● Work instruction: Leaving out each picture, transcribe the lines of the listing below exactly from the first through the line that contains "Jachetă de lucru".

● Dataset content:

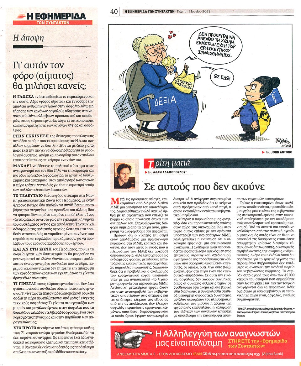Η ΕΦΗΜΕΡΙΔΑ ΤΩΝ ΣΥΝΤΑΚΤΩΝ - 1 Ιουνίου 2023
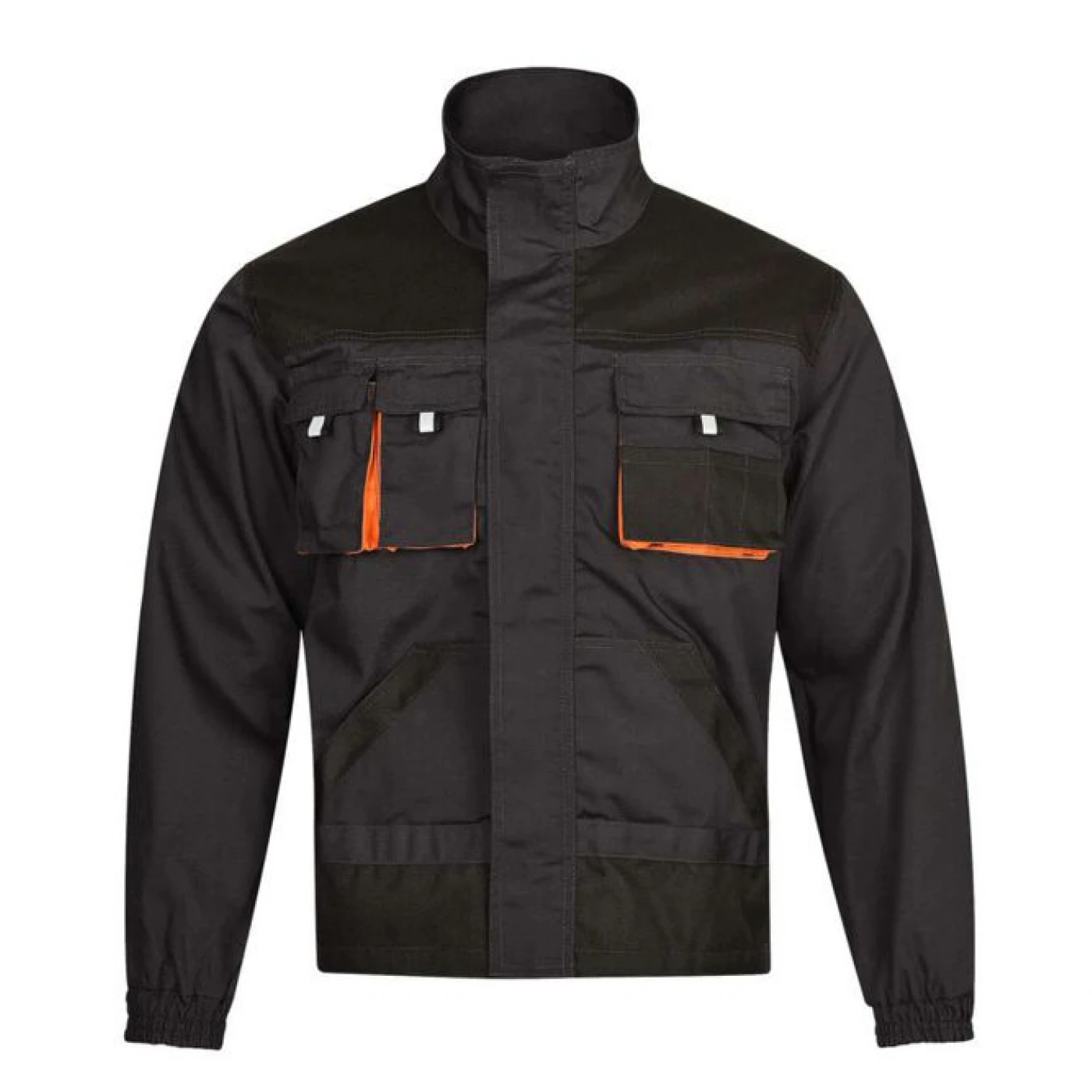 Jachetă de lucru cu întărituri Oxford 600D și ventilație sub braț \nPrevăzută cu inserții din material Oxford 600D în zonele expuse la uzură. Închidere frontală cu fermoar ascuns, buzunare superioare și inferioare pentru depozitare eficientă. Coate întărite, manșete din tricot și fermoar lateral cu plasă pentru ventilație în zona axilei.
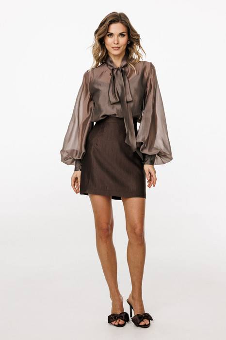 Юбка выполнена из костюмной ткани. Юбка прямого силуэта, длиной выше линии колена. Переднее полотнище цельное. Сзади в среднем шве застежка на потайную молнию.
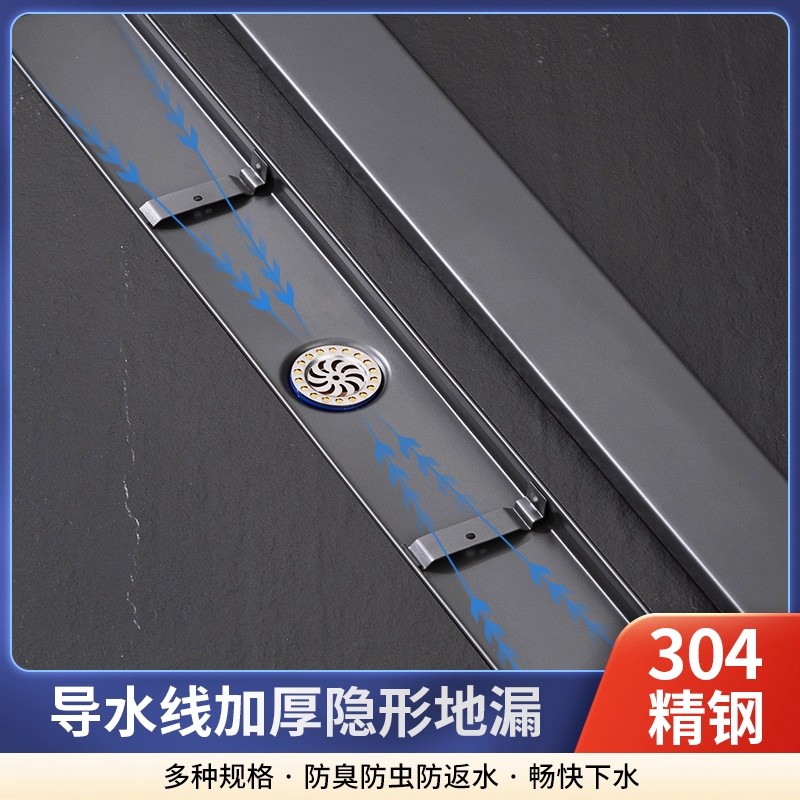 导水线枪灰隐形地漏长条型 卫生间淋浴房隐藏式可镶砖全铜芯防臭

● Answer:
Η ΕΦΗΜΕΡΙΔΑ ΤΩΝ ΣΥΝΤΑΚΤΩΝ - 1 Ιουνίου 2023
 Jachetă de lucru cu întărituri Oxford 600D și ventilație sub braț \nPrevăzută cu inserții din material Oxford 600D în zonele expuse la uzură. Închidere frontală cu fermoar ascuns, buzunare superioare și inferioare pentru depozitare eficientă. Coate întărite, manșete din tricot și fermoar lateral cu plasă pentru ventilație în zona axilei.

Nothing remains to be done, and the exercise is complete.